A modified Look–Locker inversion recovery prototype sequence (work-in-progress sequence 488, Siemens Healthcare) was used for T1 mapping and performed in three short-axis slices at mid-diastole (basal, mid-LV, apical), before and 20 minutes postgadolinium contrast, in line with recommendations.26 Typical parameters were: bandwidth ~1090 Hz/pixel; flip angle 35°; TE 1.1 msec; inversion time (TI) of first experiment 100 msec; TI increment 80 msec; matrix 192 × 124 pixels; spatial resolution 2.2 × 1.8 × 8.0 mm; slice thickness 8 mm; scan time 17 heartbeats. Each study participant had a blood sample acquired prior to the MR scan in order to obtain a hematocrit.
LGE images covering the entire LV were acquired 10–15 minutes after intravenous injection of 0.15 mmol/kg of gadoterate meglumine (Gd2+-DOTA, Dotarem, Guebert, Villepinte, France) using segmented PSIR turbo fast low-angle shot. Typical imaging parameters were: matrix 256 × 156, flip angle 25°, TE 3.36 msec, bandwidth 130 Hz/pixel, echo spacing 8.7 msec, and trigger pulse 2. The voxel size was 1.8 × 1.3 × 8 mm3.
Image Analysis
Data analysis was carried out in a core lab by two researchers (cardiac MRI experience: K.M.: 5 years; M.M.L.: 3 years), utilizing dedicated software (Medis Suite V2.1, Medis Solutions, Leiden, the Netherlands) for LVEF (K.M.), T1 and ECV estimation (K.M.), infarct size (M.M.L.); freely available DENSEanalysis software27, 28 for DENSE-derived strain (K.M.); and Diogenes feature-tracking software (TomTec Imaging Systems, Germany) for cine strain analysis (K.M.). Imaging contours and data spreadsheets were reviewed by an observer (C.B.) with >10 years of cardiac MR experience.

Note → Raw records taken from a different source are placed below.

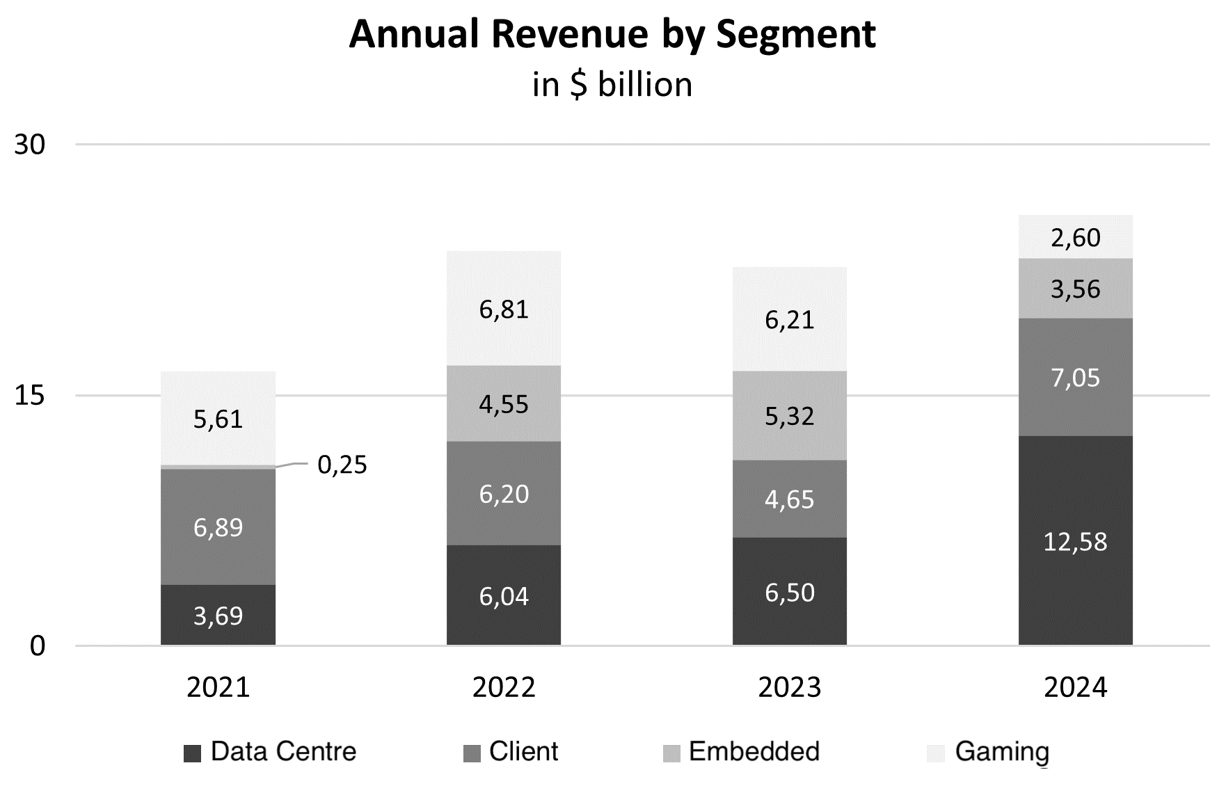 Segmentet “Client” har också ökat under perioden och nådde 7,05 miljarder USD år 2024, motsvarande 27 % av den totala omsättningen. Intäkterna från “Embedded” och “Gaming” har minskat med tiden. De stod för 14 % respektive 10 % av intäkterna år 2024.
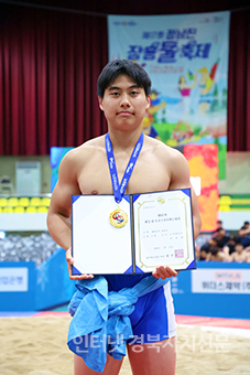 3 ¡®Á¦61ȸ ´ëÅë·É±âÀü±¹Àå»ç¾¾¸§´ëȸ' ´ëÇб³ºÎ ¼ÒÀå±Þ(80kg ÀÌÇÏ)¿¡¼ 1À§¸¦ Â÷ÁöÇÑ ±èÁØÅÂ(ÀÎÇÏ´ë)°¡ ¸Þ´ÞÀ» ¸Þ°í »óÀåÀ» µé°í ±â³ä»çÁøÀ» Âï°í ÀÖ´Ù.
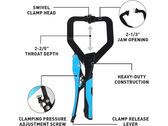 - EFFORTLESS CLAMPING - Say goodbye to manual adjustments with our C Clamp locking pliers. Just tweak the pressure screw, lock with one hand effortlessly, saving you time and strain on your wrist.
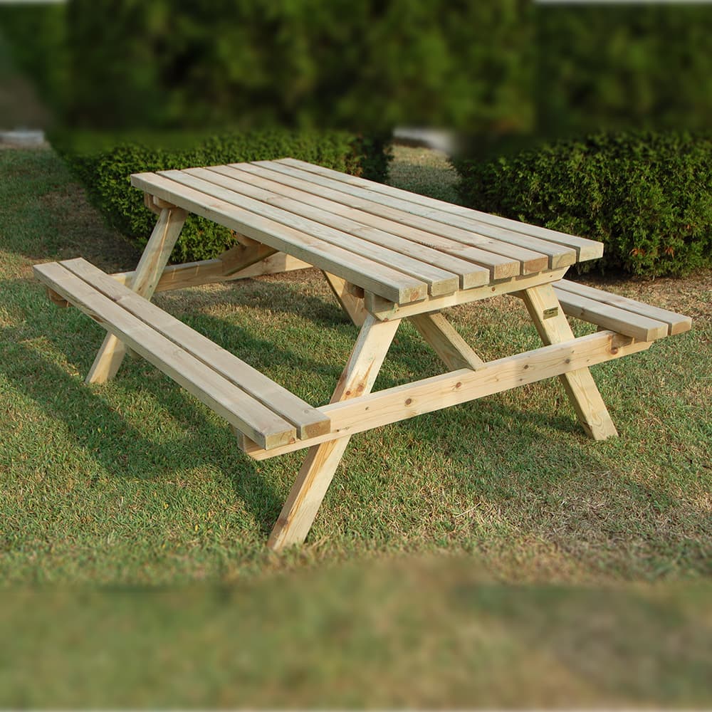 Tavolo Picnic 180 x 150 cm realizzato con tavole da 40 mm, spessore tavole seduta mm 30, panche fisse, n. 6 posti, in legno di pino impregnato, ideale per creare aree pic nic in parchi pubblici, aree gioco, aree sosta attrezzate. Perfetto per i ristoranti all’aperto.
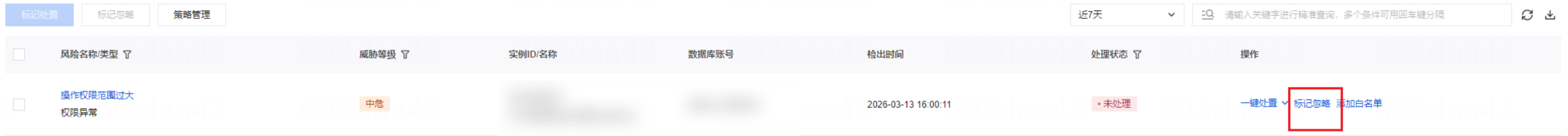 单个处理:单击风险名称为操作权限范围过大的风险操作列中的标记忽略。

Infarct Definition And Size
Infarction was defined by the occurrence of myocardial LGE revealed in orthogonal planes including phase swap acquisitions as appropriate by the scanning radiographers or fellow to rule out artifact. Microvascular obstruction was defined as a dark zone within an area of LGE.29, 30 The extent of late gadolinium enhancement (% LV mass) was assessed utilizing the full-width half-maximum thresholding method.31
Transmural extent of infarction and the presence/absence of microvascular obstruction (MVO) were also analyzed on a segmental basis at basal, mid-LV, and apical short-axis slices. The transmural extent of infarct was then binarized into LGE >50% (yes/no) and in view of recent data, LGE >75% (yes/no).4
Segmental T1 and Extracellular Volume Fraction Quantification
Color-coded T1 and extracellular volume (ECV) maps were generated based on inline-generated, motion-corrected raw images using QMap software V2.1 (Medis). Endocardial and epicardial contours were manually drawn and the LV was segmented according to the American Heart Association 16-segment model with respect to the anterior right ventricular insertion point. Segmental regions of interest comprising the middle 80% of the myocardial thickness with 10% myocardium omitted on the endo- and epicardial sides were constructed to avoid partial volume effects from neighboring tissue and blood pool.
Strain Analyses
The 2D DENSE images were analyzed off-line using DENSE analysis. Segmentation of the LV myocardium was performed semiautomatically after endo- and epicardial contours were drawn by K.M., using the anterior right ventricular insertion point as a reference. Spatiotemporal phase unwrapping was then carried out on the LV myocardium pixels, and displacement vectors were calculated.28, 32 Lagrangian strain was computed from these displacements and then projected into radial, circumferential (or longitudinal in long-axis acquisitions) directions relative to the LV center of mass.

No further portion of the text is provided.